FAQ
Hi guys.I have to implement a topical crawler as a part of my
project.What language should i implement
C or Python?Python though has fast development cycle but my concern is
speed also.I want to strke a balance between development speed and
crawler speed.Since Python is an interpreted language it is rather
slow.The crawler which will be working on huge set of pages should be
as fast as possible.One possible implementation would be implementing
partly in C and partly in Python so that i can have best of both
worlds.But i don't know to approach about it.Can anyone guide me on
what part should i implement in C and what should be in Python?

Search Discussions

  • Abhinav at Feb 16, 2006 at 7:46 am
    It is DSL broadband 128kbps.But thats not the point.What i am saying is
    that would python be fine for implementing fast crawler algorithms or
    should i use C.Handling huge data,multithreading,file
    handling,heuristics for ranking,and maintaining huge data
    structures.What should be the language so as not to compromise that
    much on speed.What is the performance of python based crawlers vs C
    based crawlers.Should I use both the languages(partly C and python).How
    should i decide what part to be implemented in C and what should be
    done in python?
    Please guide me.Thanks.
  • Fuzzyman at Feb 16, 2006 at 8:29 am

    abhinav wrote:
    It is DSL broadband 128kbps.But thats not the point.What i am saying is
    that would python be fine for implementing fast crawler algorithms or
    should i use C.
    But a web crawler is going to be *mainly* I/O bound - so language
    efficiency won't be the main issue.

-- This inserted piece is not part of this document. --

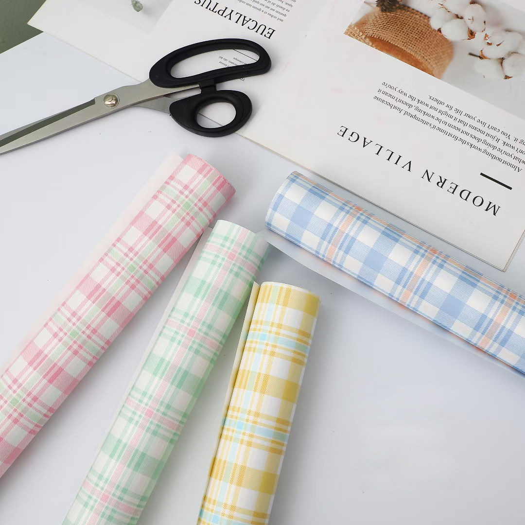 双色格纹花束包装纸网红格子欧雅纸花店防水鲜花包花纸花艺礼品纸
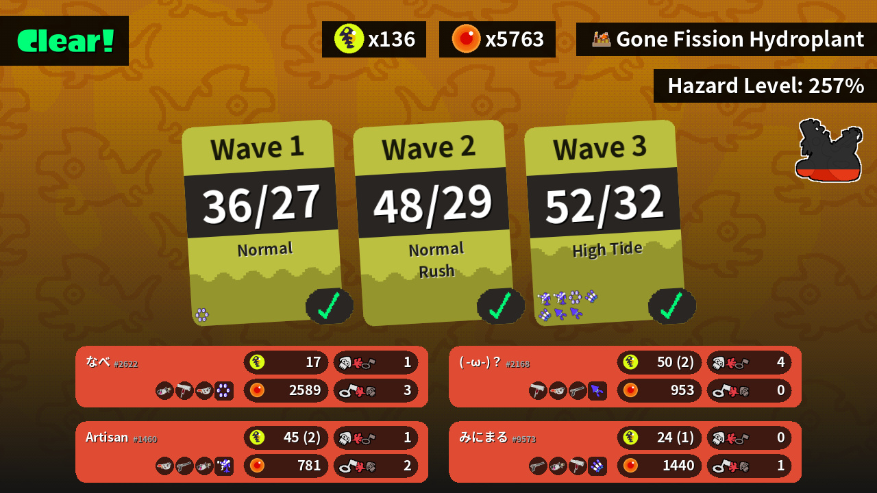 | Weapons | .96 Gal Flingza Roller Goo Tuber | Flingza Roller Goo Tuber N-ZAP '85 | Goo Tuber N-ZAP '85 .96 Gal | N-ZAP '85 .96 Gal Flingza Roller |

There are several web crawler
    implemented in Python.
    Handling huge data,multithreading,file
    handling,heuristics for ranking,and maintaining huge data
    structures.What should be the language so as not to compromise that
    much on speed.What is the performance of python based crawlers vs C
    based crawlers.Should I use both the languages(partly C and python).How
    If your data processing requirements are fairly heavy you will
    *probably* get a speed advantage coding them in C and accessing them
    from Python.

    The usdual advice (which seems to be applicable to you), is to
    prototype in Python (which will be much more fun than in C) then test.

    Profile to find your real bottlenecks (if the Python one isn't fast
    enough - which it may be), and move your bottlenecks to C.

    All the best,

    Fuzzyman
    http://www.voidspace.org.uk/python/index.shtml
    should i decide what part to be implemented in C and what should be
    done in python?
    Please guide me.Thanks.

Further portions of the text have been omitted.